[AVAILABLE DATA]
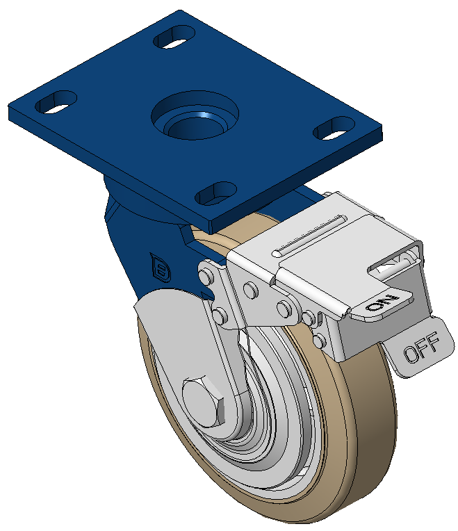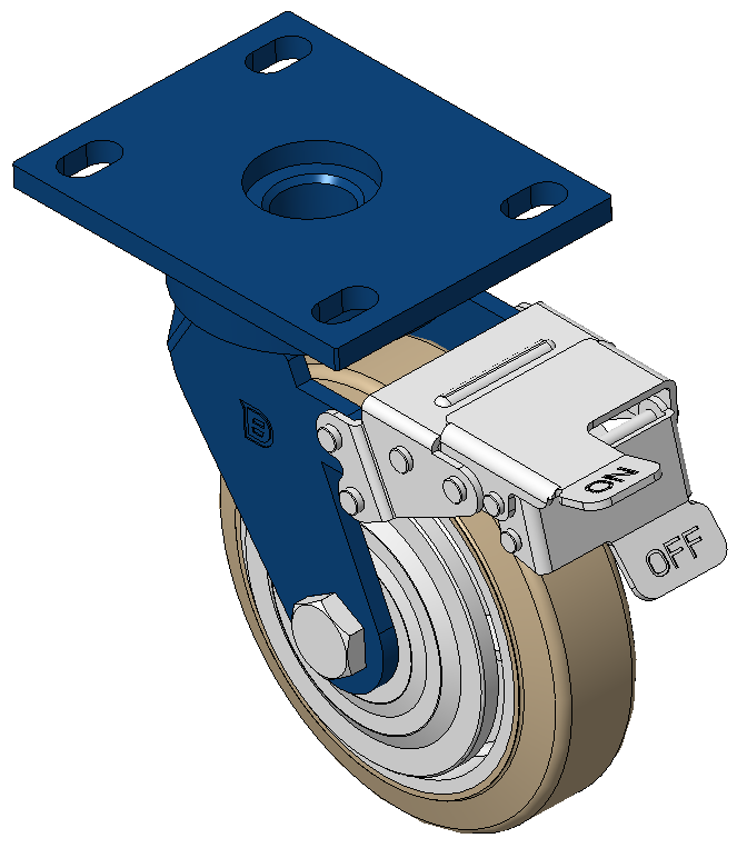 | Casters with front brake and With locking system, Welded Caster Fork Blue-painted finish, Mounting Type - Top Plate, 110x75 Bolt Hole Spacing Cast Iron core, High-Quality, highly Resilient Rubber Wheel Tread Cast Iron finish, Bearing—Ball Bearings |
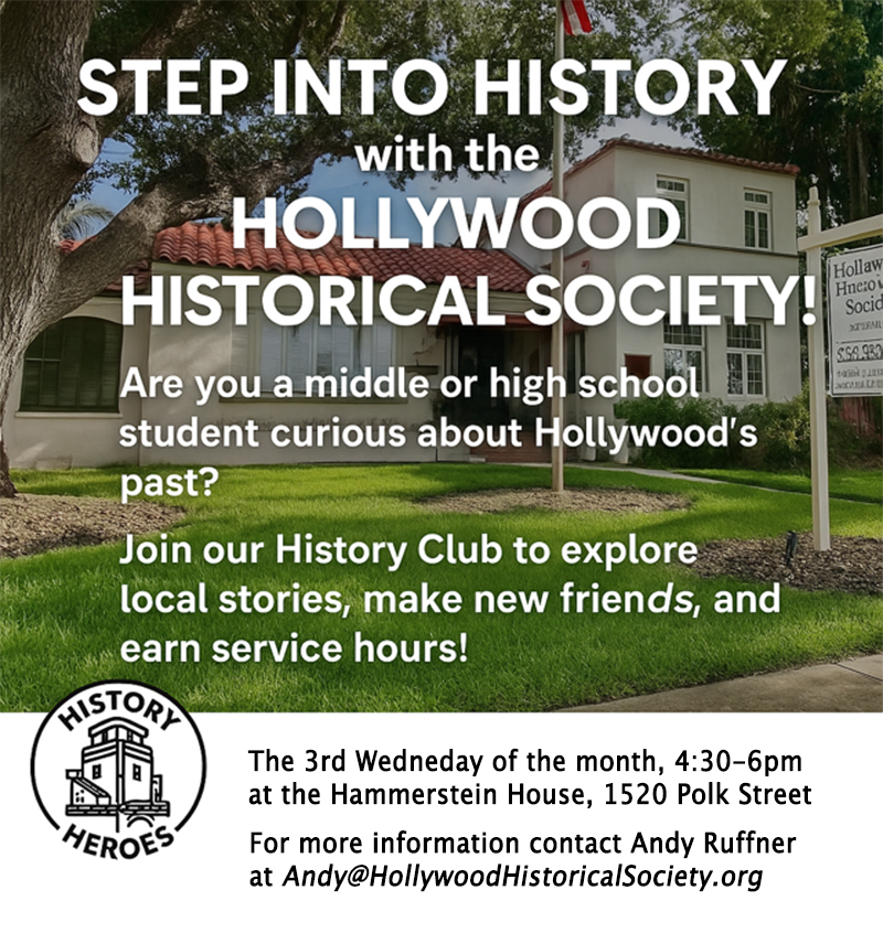 Please contact us to see how you can help our historic community!Phone: 954-923-5590 || email: HollywoodFLhistory@att.net Mail Checks to: Hollywood Historical Society, P.O. Box 222755, Hollywood, FL 33022 |
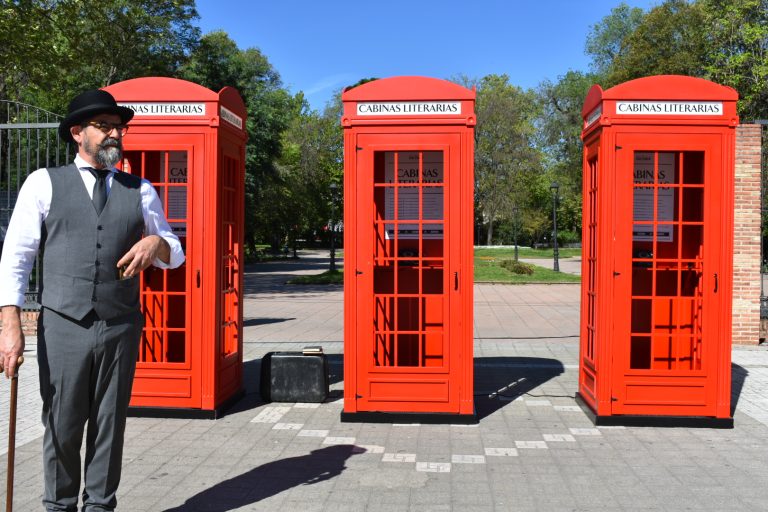 Tres cabinas telefónicas inglesas en las experimentar un viaje, desde la intimidad de un espacio pequeño y aislado, como si las palabras de los poetas y escritores fueran susurradas solo para ti.
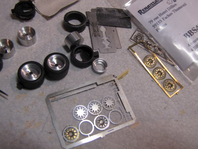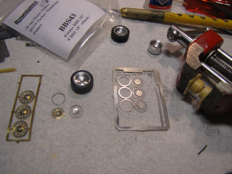 les roues sont une difficulté ; les inserts provence sont impossibles à galber et je n\’aime pas ! j\’ai utilisé des photodecs renaissance dont j\’ai enlevé le tour car ils sont de bonne couleur et dejà galbé. le resultat est etonnant et quand tout sera fait avec les disques les roues seront super belles !
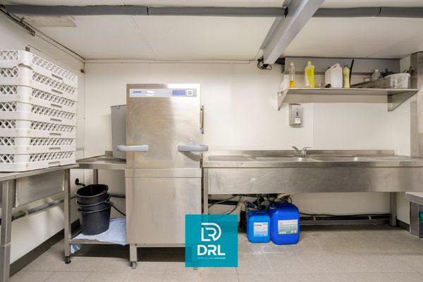 Het gelijkvloers bestaat uit een sfeervolle gelagzaal (70 couverts) met bar, momenteel uitgebaat als restaurant "La Coupole". In de zeer ruime tussen- en kelderverdieping bevindt zich een ultraprofessionele keuken, koelcel, praktische bergruimtes en zoveel meer. Het zonnig terras is een extra troef.
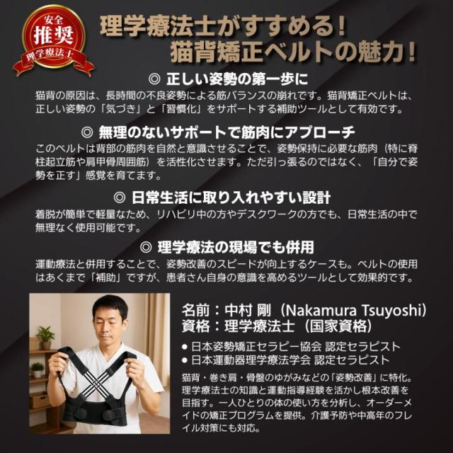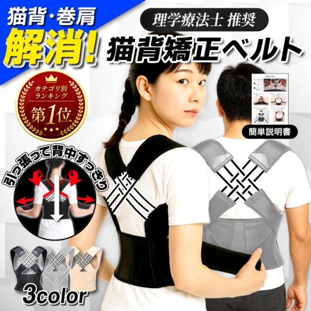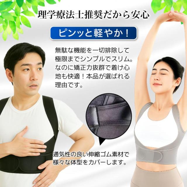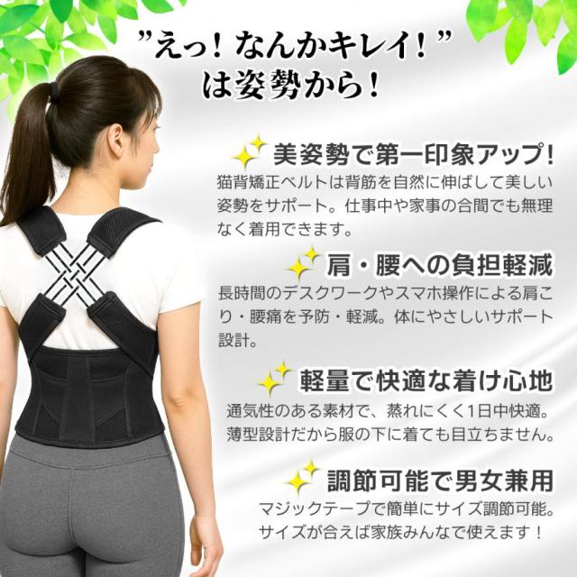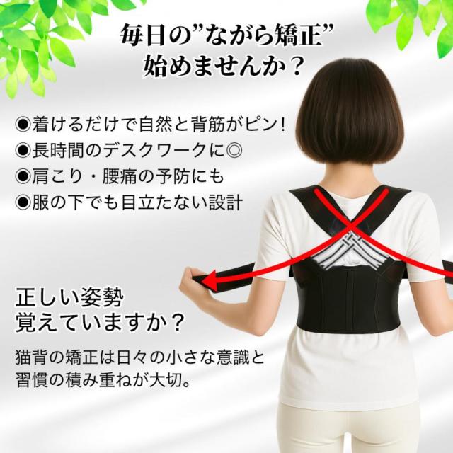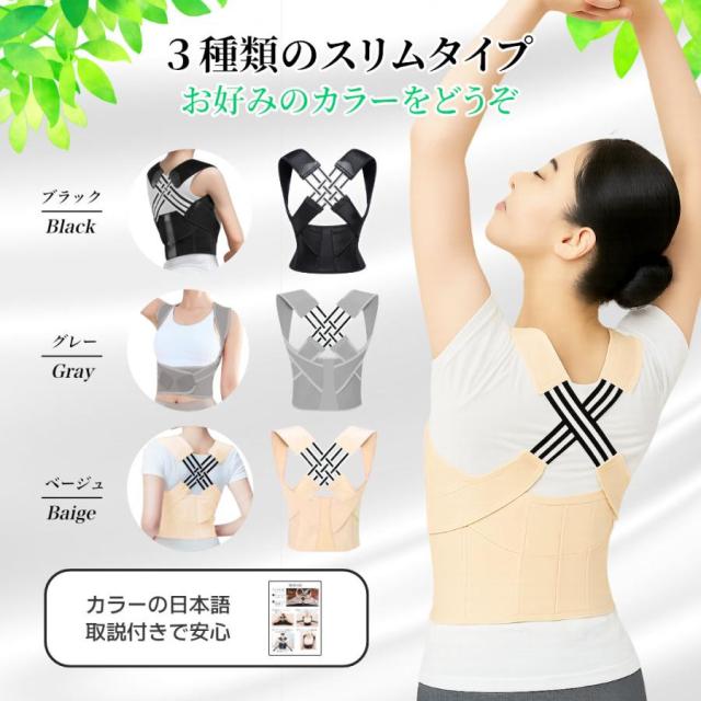 薄型で軽量の猫背矯正ベルト!猫背姿勢、肩こりでお悩みの方、本品にてじっくりと
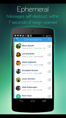 HASH是一款设计精美的私密短信应用,你的短信和图片消息将会通过加密的方式发送给他人,并且通过HASH打开的短信是不会被任何其他软件跟踪的,出于隐私保护,在HASH中截屏功能也是无法使用的。

[WHAT YOU NEED TO DO]
Give the data above again in full and unchanged, skipping the pictures.

[WRITTEN RESPONSE]
 | Casters with front brake and With locking system, Welded Caster Fork Blue-painted finish, Mounting Type - Top Plate, 110x75 Bolt Hole Spacing Cast Iron core, High-Quality, highly Resilient Rubber Wheel Tread Cast Iron finish, Bearing—Ball Bearings |
 Please contact us to see how you can help our historic community!Phone: 954-923-5590 || email: HollywoodFLhistory@att.net Mail Checks to: Hollywood Historical Society, P.O. Box 222755, Hollywood, FL 33022 |
 Tres cabinas telefónicas inglesas en las experimentar un viaje, desde la intimidad de un espacio pequeño y aislado, como si las palabras de los poetas y escritores fueran susurradas solo para ti.
 les roues sont une difficulté ; les inserts provence sont impossibles à galber et je n\’aime pas ! j\’ai utilisé des photodecs renaissance dont j\’ai enlevé le tour car ils sont de bonne couleur et dejà galbé. le resultat est etonnant et quand tout sera fait avec les disques les roues seront super belles !
 Het gelijkvloers bestaat uit een sfeervolle gelagzaal (70 couverts) met bar, momenteel uitgebaat als restaurant "La Coupole". In de zeer ruime tussen- en kelderverdieping bevindt zich een ultraprofessionele keuken, koelcel, praktische bergruimtes en zoveel meer. Het zonnig terras is een extra troef.
 薄型で軽量の猫背矯正ベルト!猫背姿勢、肩こりでお悩みの方、本品にてじっくりと
 HASH是一款设计精美的私密短信应用,你的短信和图片消息将会通过加密的方式发送给他人,并且通过HASH打开的短信是不会被任何其他软件跟踪的,出于隐私保护,在HASH中截屏功能也是无法使用的。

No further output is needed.